In conclusion, this is the first UK population-based clinical prevalence study of WD. The prevalence found in this study is lower than the previous UK population-based genetic study, but comparable to Western European population-based clinical studies. Similar case ascertainment methods can be implemented nationally for WD and other rare diseases.

Financial support

The study was funded partly through an investigator-initiated research grant (PW and ADA) from Orphalan UK.

Authors’ contributions

PW - data collection, data curation, analysis, writing of manuscript; JH–data curation and review & editing of manuscript; ESN–data collection and review & editing of manuscript; PK–data collection and review & editing of manuscript; EAW–data collection, administration and review & editing of manuscript; JE–data collection and review & editing of manuscript; GPA–data collection and review & editing of manuscript; GJ–data collection and review & editing of manuscript; FP–data analysis, methodology, supervision, and review & editing of manuscript; ADA–conception and design of the study, methodology, data collection, review of results, study supervision and administration and writing of manuscript.

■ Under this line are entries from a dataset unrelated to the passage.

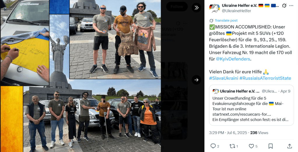 Projekt mit 5 SUVs (+120 Feuerlöscher) für die 9., 93., 25., 159. Brigaden & die 3. Internationale Legion. Unser Fahrzeug Nr. 19 macht die 170 voll für @KyivDefenders
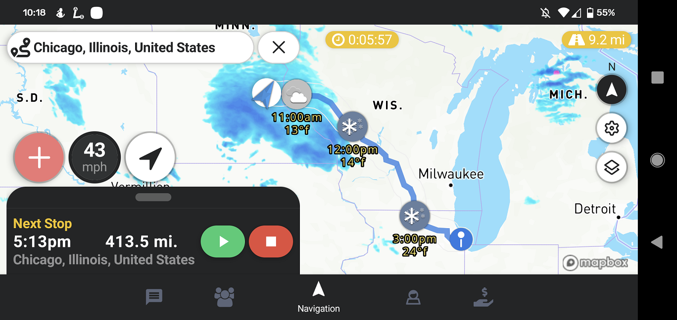 In partnership with the Truck Driver Power team, Xweather built a solution that includes radar, forecasts, and other advanced weather overlays and outputs for drivers using our weather API and Maps. Additionally, using the weather API’s route action, Truck Driver Power’s Navigation Mode displays live views of weather conditions and warnings along the driver’s way, with updates in real-time.
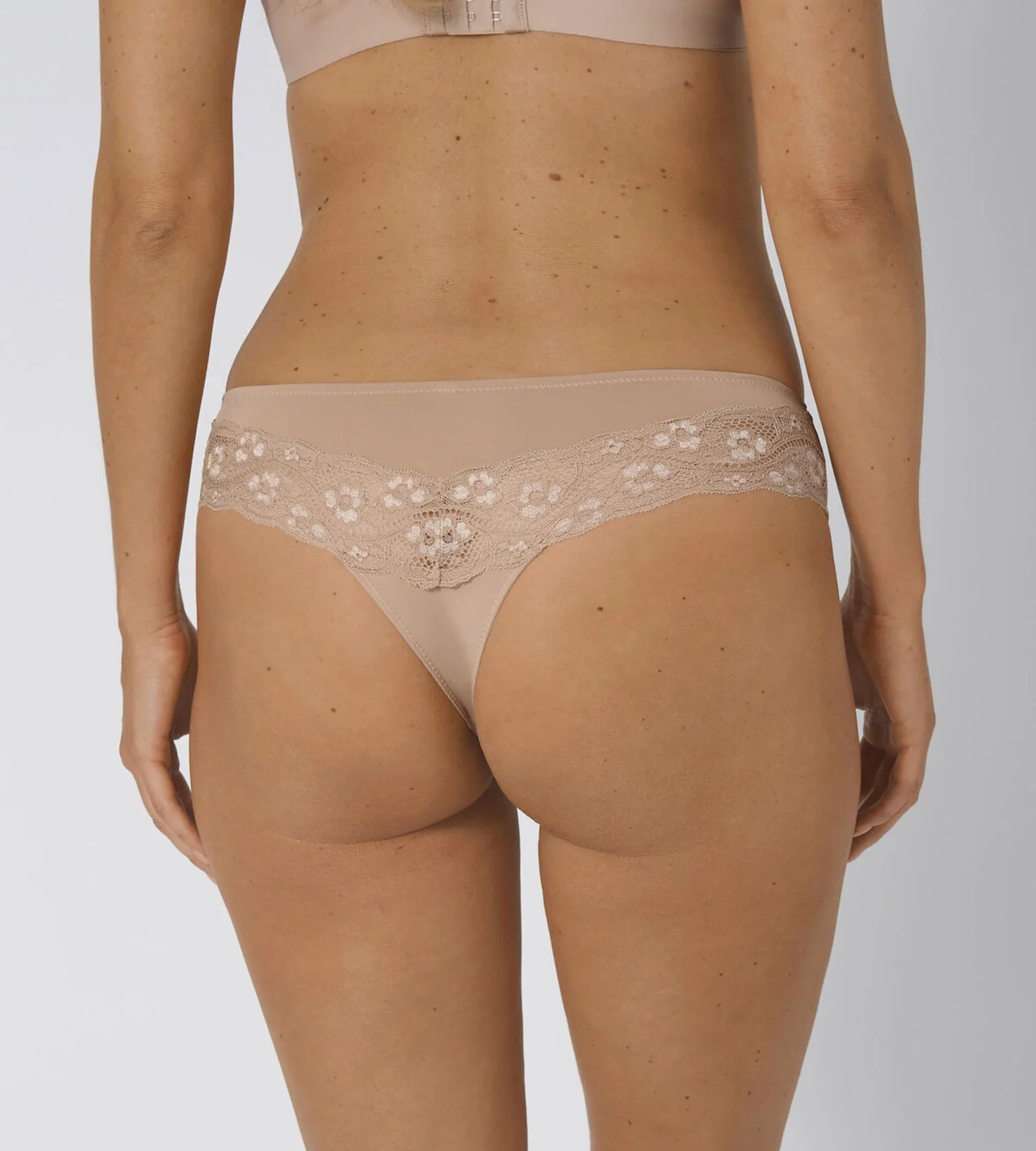 Dámská brazilská tanga z nové řady Lovely Micro od Triumph garantují příjemný pocit na kůži a zároveň i zajímavý vzhled díky ozdobnému krajkovému zdobení.

Data availability statement

Owing to the nature of this research, participants of this study were not individually consented for their data to be shared publicly. However, fully anonymised data that support the findings of this study are available from the corresponding author upon reasonable request and an appropriate institutional collaboration agreement.

Conflict of interest

The authors declare no conflicts of interest that pertain to this work.

Please refer to the accompanying ICMJE disclosure forms for further details.